[Saved entries]
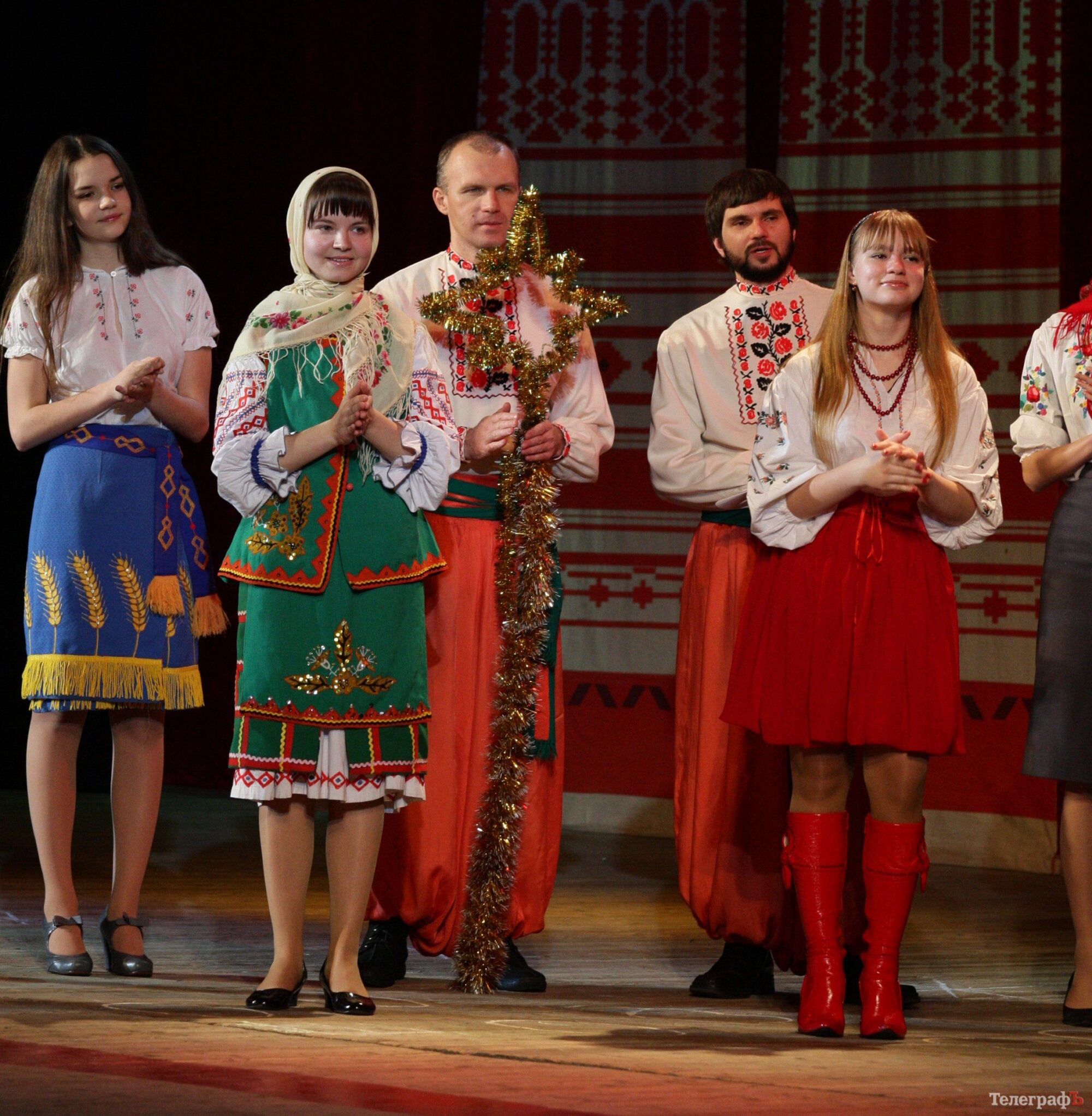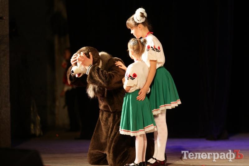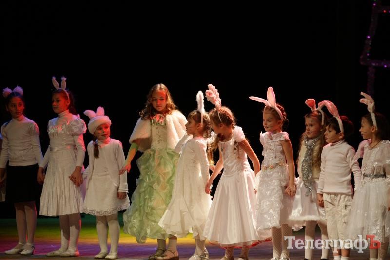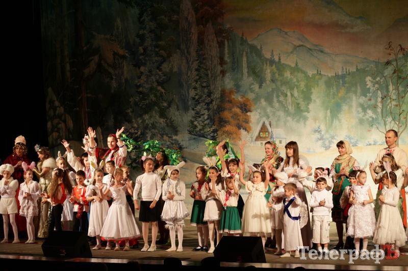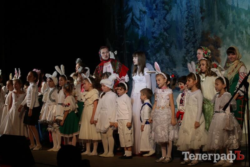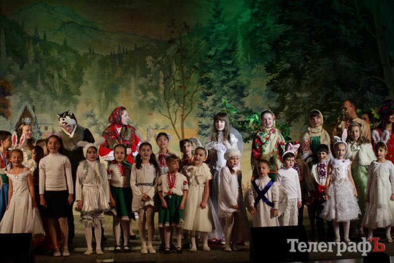 Сказку зал смотрел с увлечением. В ней были мама со своими семерыми козлятами, которые шли через лес в храм, и злой герой — серый волк, который украл двух козлят, и лесные звери, и Ангел Господний, который помог найти козлят и злого волка сделать добрым, и новогодняя елка, вокруг который дети водили хоровод и выступали колядующие.
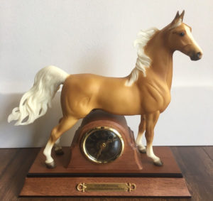 Glossy palomino mounted on clock; blaze; 4 socks; Hi-Way Hobby Raffle SR, 1/6
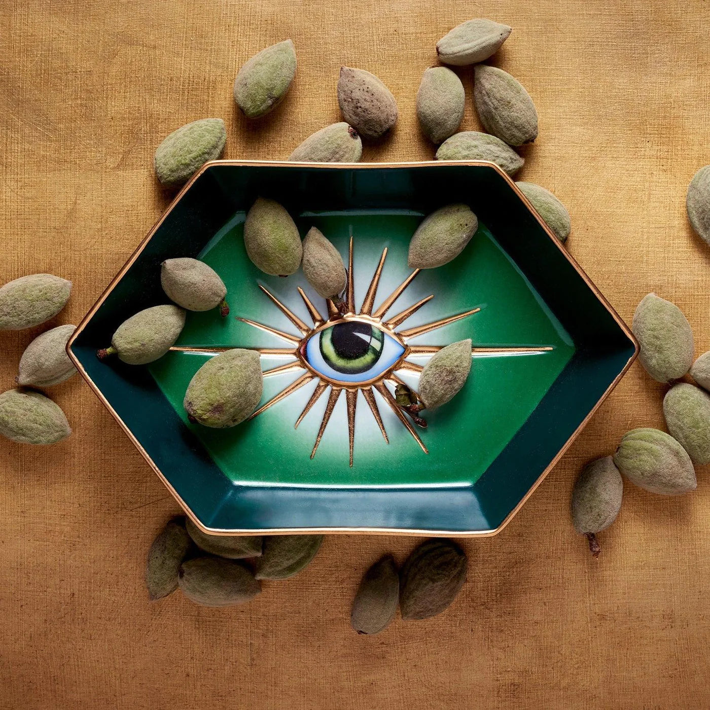 Whimsical and surreal, this catchall is handcrafted from porcelain with 24-karat gold plating
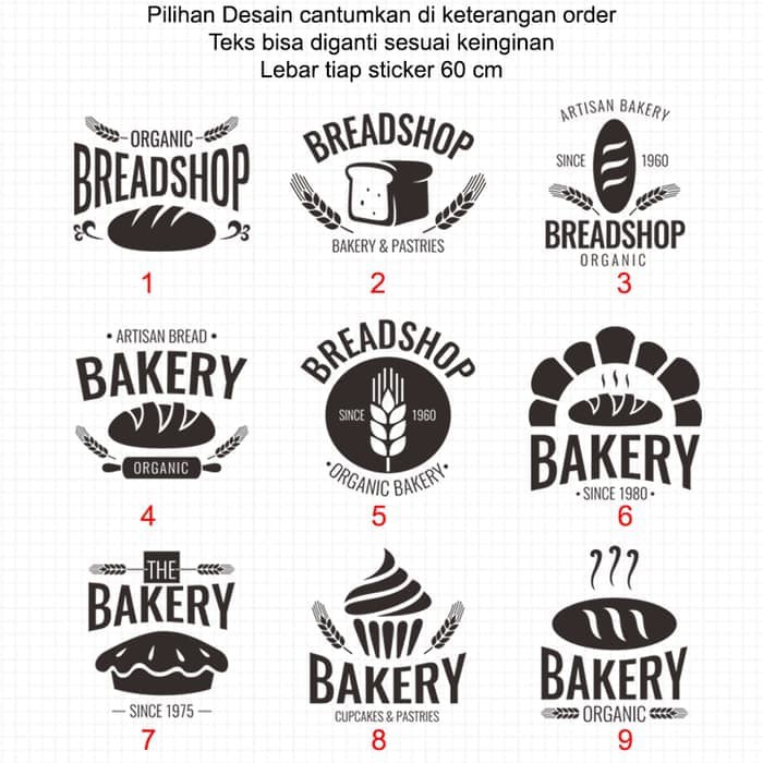 Sticker Custom Teks Logo Toko Roti Bakery 9 Model Stiker Kaca
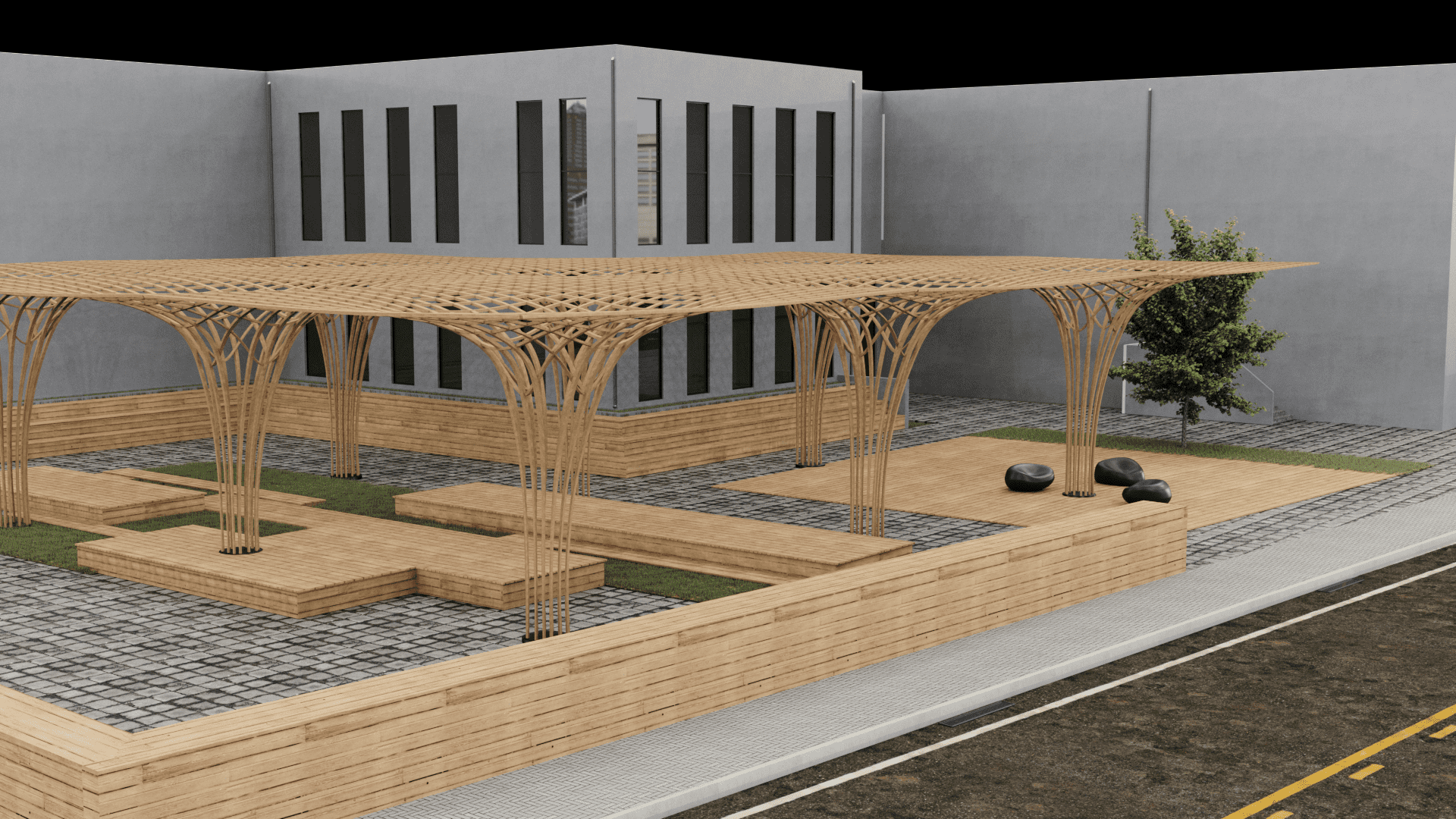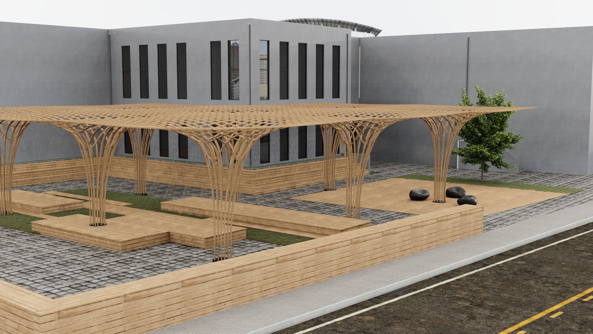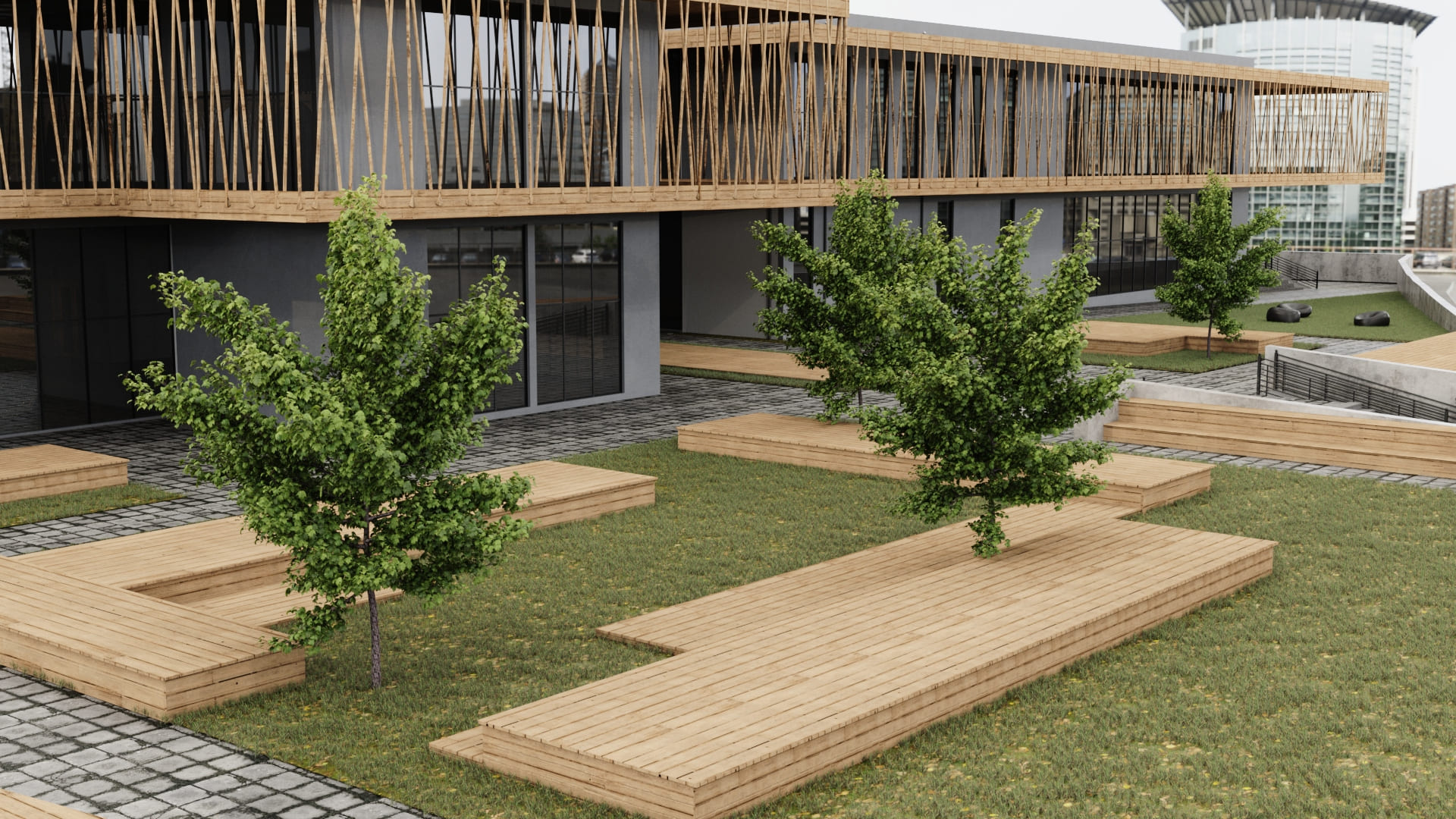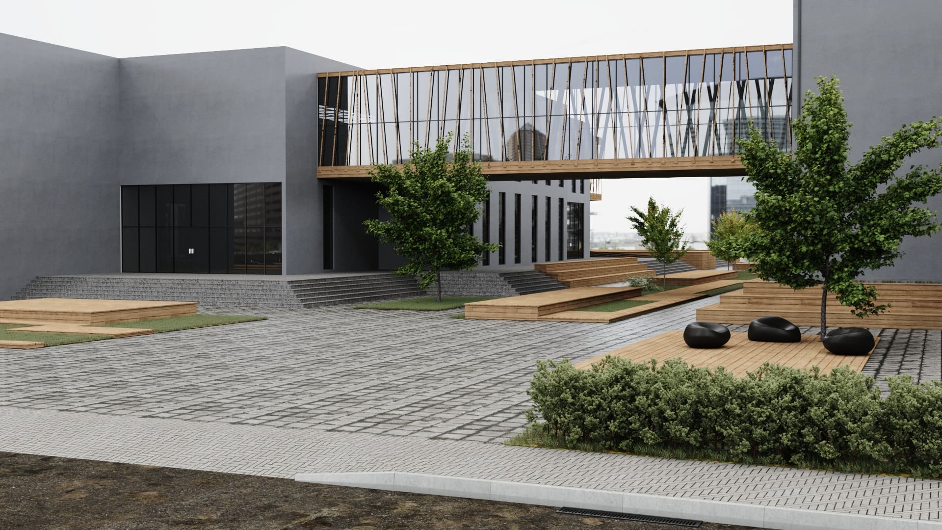 Dış cephesinde ahşap strüktürler ve kompozit cephe kaplama elemanları tercih edilmiştir.

• **DIRECTIONS FOR THIS TASK**
Exactness is what counts here: copy each entry as given and omit its pictures.

• **RESPONSE**
 Сказку зал смотрел с увлечением. В ней были мама со своими семерыми козлятами, которые шли через лес в храм, и злой герой — серый волк, который украл двух козлят, и лесные звери, и Ангел Господний, который помог найти козлят и злого волка сделать добрым, и новогодняя елка, вокруг который дети водили хоровод и выступали колядующие.
 Glossy palomino mounted on clock; blaze; 4 socks; Hi-Way Hobby Raffle SR, 1/6
 Whimsical and surreal, this catchall is handcrafted from porcelain with 24-karat gold plating
 Sticker Custom Teks Logo Toko Roti Bakery 9 Model Stiker Kaca
 Dış cephesinde ahşap strüktürler ve kompozit cephe kaplama elemanları tercih edilmiştir.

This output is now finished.